GCFGlobal.org
- Website type: Online education/e-learning
- Available in: English, Spanish, and Portuguese
- Owner: Goodwill Community Foundation Inc
- Creator: Rev. Dennis McLain
- Website: edu.gcfglobal.org

= GCFGlobal.org =

Free online educational website

GCFGlobal.org (formerly GCFLearnFree.org) is a free online educational website focusing on technology, job training, reading, and math skills. The site is a program of the Goodwill Community Foundation Inc. (GCF). Content in English and Spanish are produced in Raleigh, North Carolina and Bogotá, Colombia respectively, which allows the platform to create content accordingly to each language.

==History==
GCFLearnFree.org was created in July 2000 by Goodwill Community Foundation Inc president Dennis McLain as an online training program with both English and Spanish language lessons. The program was funded through revenue generated from the value of donated items to Goodwill Community Foundation (GCF).

==Self-paced tutorials==
The GCFGlobal.org programs are designed around self-paced instruction. The website offers dozens of free, self-paced tutorials in technology, Microsoft Office, work and career, reading, math, and everyday life.
All tutorials can be accessed with no registration required, but users can also create a free GCFGlobal.org account to track their learning history and create transcripts of completed tutorials.
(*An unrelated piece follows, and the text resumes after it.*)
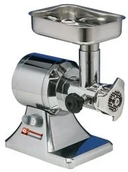 Maszynka do mielenia mięsa | n°12 z tarka do parmezanu | 800W | 550x300x(H)400mm, Obudowa zewnętrzna ze stopu aluminium. Obudowa kutra i ślimacznica wykonane z zabezpieczonego stopu aluminium do użytku spożywczego i stali nierdzewnej, wszystkie części wewnętrzne można łatwo zdemontować, co ułatwia utrzymanie. Górna misa ze stali nierdzewnej AISI 304. Standardowo dostarczana z kratką 6 mm. Kratka i ostrze ze stali nierdzewnej, samoostrzęcej się.

Tutorials use video, sound, art, storytelling, and text.
GCFGlobal.org's self-paced tutorials are part of the free resources available at DigitalLiteracy.gov, an Obama administration initiative focused on digital literacy. GCFGlobal.org is also an Everyoneon.org partner.
Organizations that use GCFGlobal.org include K-12 schools, colleges, homeschool groups, nonprofit organizations, libraries, businesses, and career centers.

==Online classes==
GCFGlobal.org offers free online classes that offer certificates of completion. Online classes require registration and submission of assignments, and they are supported by online instructors. The online class program is accredited by the International Association for Continuing Education and Training (IACET).

==Awards and recognition==
GCFLearnFree.org won the 2012 MERLOT Classics Award for its Word 2010 tutorial.
GreatNonprofits, a provider of user reviews about nonprofit organizations, named GCFLearnFree.org a 2014 Top-Rated Nonprofit based on reviews submitted by people who volunteer for or use the website. However, calling GCFLearnFree.org a "nonprofit" is not exactly accurate because the Employer Identification Number listed for GCFLearnFree.org by GreatNonprofits is registered with the Internal Revenue Service to Goodwill Community Foundation Inc. and not to GCFLearnFree.org, and the name "GCFLearnFree.org" does not appear in other major nonprofit databases such as GuideStar and Charity Navigator but "Goodwill Community Foundation Inc." does.